— Да нет у него никаких маленьких девочек!
— Нет, есть! Он говорит, что у него девчонке всего четырнадцать — Ходит везде, разные такие грязные разговоры ведет, на кой он тебе вообще сдался?
«Джи-Джей ничего этого про меня не понимает, — рассуждал я. — Ой-ё-ёй — с чем только не приходится мириться, чего только не приходится узнавать и видеть — а Мэгги меня любит».
Я посмотрел в мягкое небо, и выходила луна, бледная, в ранней синеве, как в люльке, и я убежден был, что Мэгги меня любит.
— Ну, тогда не верь мне, — говорит Мыш. — Они тебе на уши повесят, чего только смогут, Загг, чтоб только лишний пенни из тебя выдоить — не волнуйся, я баб знаю, я все это в собственном доме видал с родственничками ближними и дальними, все эти потасовки греков хоть с каким-то положением в Лоуэлле — ты и половины всего не знаешь, Загг. — Сплевывает — не так, как Елоза, ибо вечерняя заря стихает, а для пущей выразительности, х-харк. — Да пускай свои паршивые прак-клятые фабрики хоть сюда на эту старую речную свалку притащат и себе в зад засунут, мне вообще плевать, Загг — свалю я из этого Лоуэлла, — дернул в его сторону большим пальцем, — ты, может, и не свалишь, а я свалю, — глядит на меня, кипя от ярости, и жажда мести в его глазах навыкате — Джи-Джей взрослел как-то по-своему.
— Ладно, Мыш.
— Ты куда сейчас?
— К Мэгги.
Он лишь рукой махнул.
— Залезь ей в трусики за меня, Загг.
Я фыркаю носом и отваливаю.

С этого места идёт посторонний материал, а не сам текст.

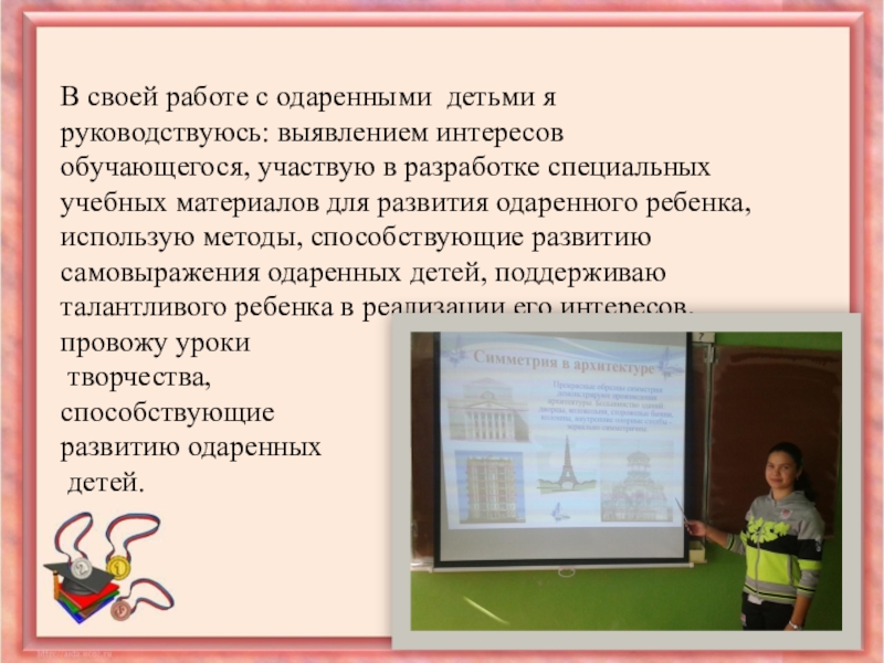 обучающегося, участвую в разработке специальных учебных материалов для развития одаренного ребенка, использую методы, способствующие развитию самовыражения одаренных детей, поддерживаю талантливого ребенка в реализации его интересов, провожу уроки

Заметил только, как Джи-Джей ладонью повел — благословил на прощанье — ну и ладно.
Я побрел прочь, пересек весь Лоуэлл, пройдя по главной его транспортной артерии, главной вене, по Муди-стрит, ныне — Текстильной авеню, загребая щелкающими каблуками, в поисках своего жуткого приданого. «Джи-Джей не прав как божий день».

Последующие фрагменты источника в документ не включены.